**PROVIDED DATA:**
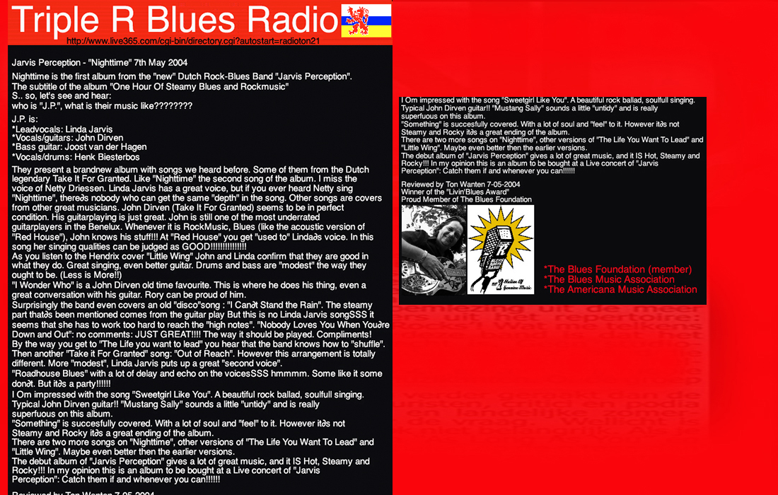 .....................many many times, Oor, Stage, Aardschok, Rif Raf, Big Twin, Mind View, Revu, Eindhovens Dagblad, Friesch Dablad, Groot Eindhoven, Haarlemmermeers Dagblad, Helmonds Dagblad, Traverse, Block, Jassepoes, Hendrixfanclub Germany, Udens Weekblad, Oostbrabant, Gitaar Plus, Gitarist, Volkskrant, Panorama, Alles op Tien,Travers, Aloha,de Sleutel Oss), Tubantia (Twente), de Brug, Leeuwarder Courant, Groovemaster, Dagblad Zaanstreek, Back to the Roots, Metal Maidens, Rockgirl, Kindamuzik, BV Popkrant, Bobtjeblues, Blues Das deutsche Bluesmagazin, Music in Belgium, Brabants Dagblad, Dienblad, Alternative ways, Track, De Stem, Backline, Brabant Pop, Musicmaker, Moors Magazine, GEZIEN-GEHOORD.NL, Blueszine, Maxazine, de Gelderlander, Popmagazine Heaven, Festivalinfo, File Under, and lots of local papers, alone or in combination with Take it for granted, Netty Driessen, Rosa King, Rob Hoeke, Sander Boes, Ben van de Wal, Bertus Borgers, Walter Trout, Ana Popovic, Jesse Gang, Ritchie Severijns, Eamonn Mccormack, Rob Snijders, Fred Hoogendoorn, Sjoerd van Bommel, Hans Dulfer, Peter van Schadewijk, Iwan Wijnen, Tony Peters, Bonki Bongaerts, Thijs van Leer, John Lagrand, Nicko Christiansen and many many more and lots of radio, local, national and all over the globe from Japan, Spain, UK, Denmark, Germany to the USA and back...............
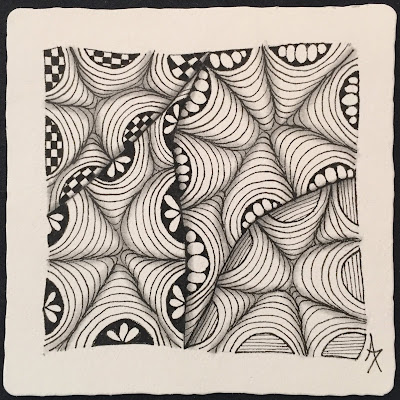 After two weeks of missing out on "classic Zentangle originals" (it's just been a busy time) I was determined to finish a tile this week. I do love the original tangles, and I especially loved this original string!
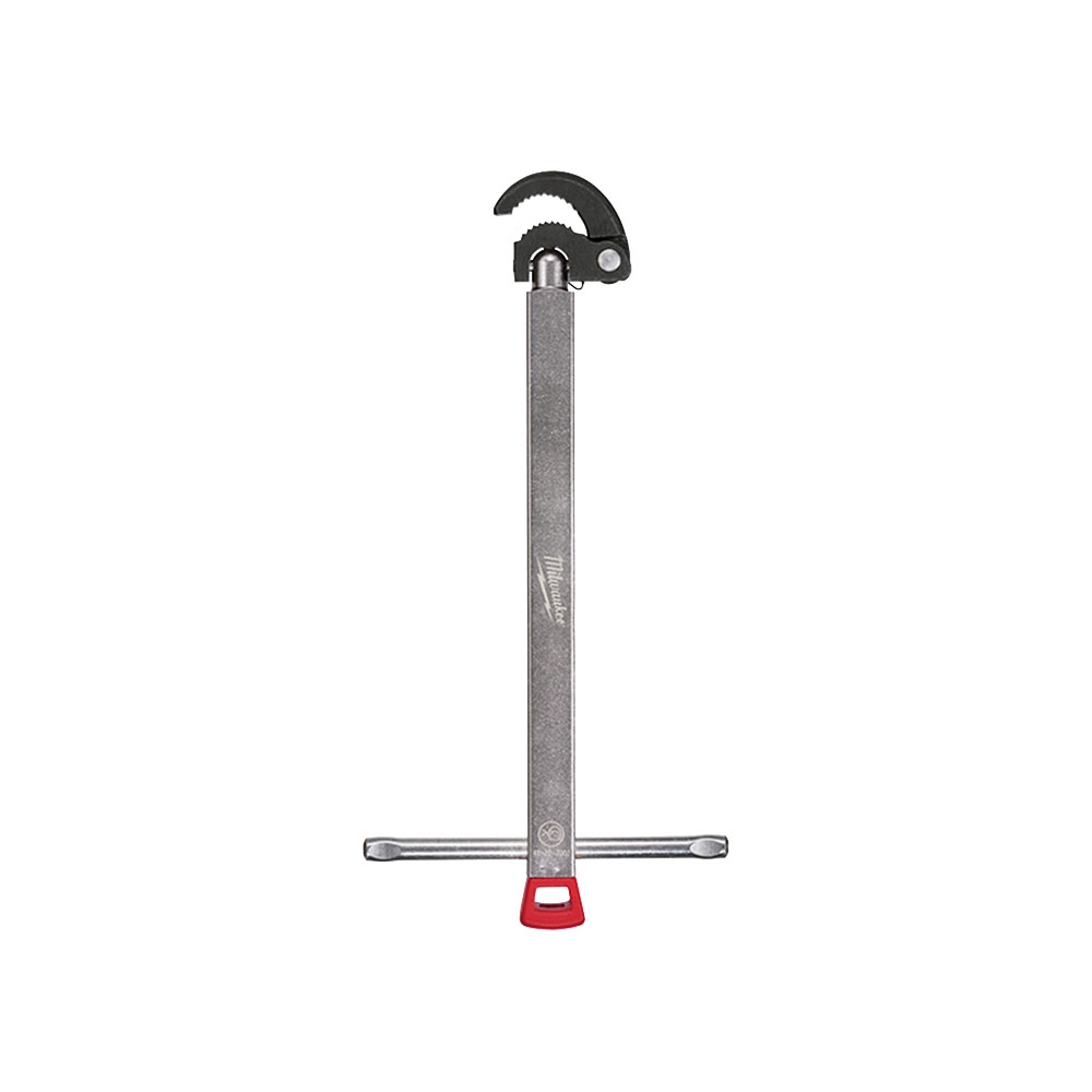 Milwaukee Hand Tools Adjustable Basin Wrench with a hi-leverage design, which enables it to achieve break-away torque on stuck fasteners. The ratchet compatible design accepts a 3/8in ratchet. Fitted with a doorknob style handle that is easy to adjust, offers the best in class adjustability.

**TO DO:** When you copy the listing above, reproduce every line exactly and skip the images.

**EXERCISE SOLUTION:**
 .....................many many times, Oor, Stage, Aardschok, Rif Raf, Big Twin, Mind View, Revu, Eindhovens Dagblad, Friesch Dablad, Groot Eindhoven, Haarlemmermeers Dagblad, Helmonds Dagblad, Traverse, Block, Jassepoes, Hendrixfanclub Germany, Udens Weekblad, Oostbrabant, Gitaar Plus, Gitarist, Volkskrant, Panorama, Alles op Tien,Travers, Aloha,de Sleutel Oss), Tubantia (Twente), de Brug, Leeuwarder Courant, Groovemaster, Dagblad Zaanstreek, Back to the Roots, Metal Maidens, Rockgirl, Kindamuzik, BV Popkrant, Bobtjeblues, Blues Das deutsche Bluesmagazin, Music in Belgium, Brabants Dagblad, Dienblad, Alternative ways, Track, De Stem, Backline, Brabant Pop, Musicmaker, Moors Magazine, GEZIEN-GEHOORD.NL, Blueszine, Maxazine, de Gelderlander, Popmagazine Heaven, Festivalinfo, File Under, and lots of local papers, alone or in combination with Take it for granted, Netty Driessen, Rosa King, Rob Hoeke, Sander Boes, Ben van de Wal, Bertus Borgers, Walter Trout, Ana Popovic, Jesse Gang, Ritchie Severijns, Eamonn Mccormack, Rob Snijders, Fred Hoogendoorn, Sjoerd van Bommel, Hans Dulfer, Peter van Schadewijk, Iwan Wijnen, Tony Peters, Bonki Bongaerts, Thijs van Leer, John Lagrand, Nicko Christiansen and many many more and lots of radio, local, national and all over the globe from Japan, Spain, UK, Denmark, Germany to the USA and back...............
 After two weeks of missing out on "classic Zentangle originals" (it's just been a busy time) I was determined to finish a tile this week. I do love the original tangles, and I especially loved this original string!
 Milwaukee Hand Tools Adjustable Basin Wrench with a hi-leverage design, which enables it to achieve break-away torque on stuck fasteners. The ratchet compatible design accepts a 3/8in ratchet. Fitted with a doorknob style handle that is easy to adjust, offers the best in class adjustability.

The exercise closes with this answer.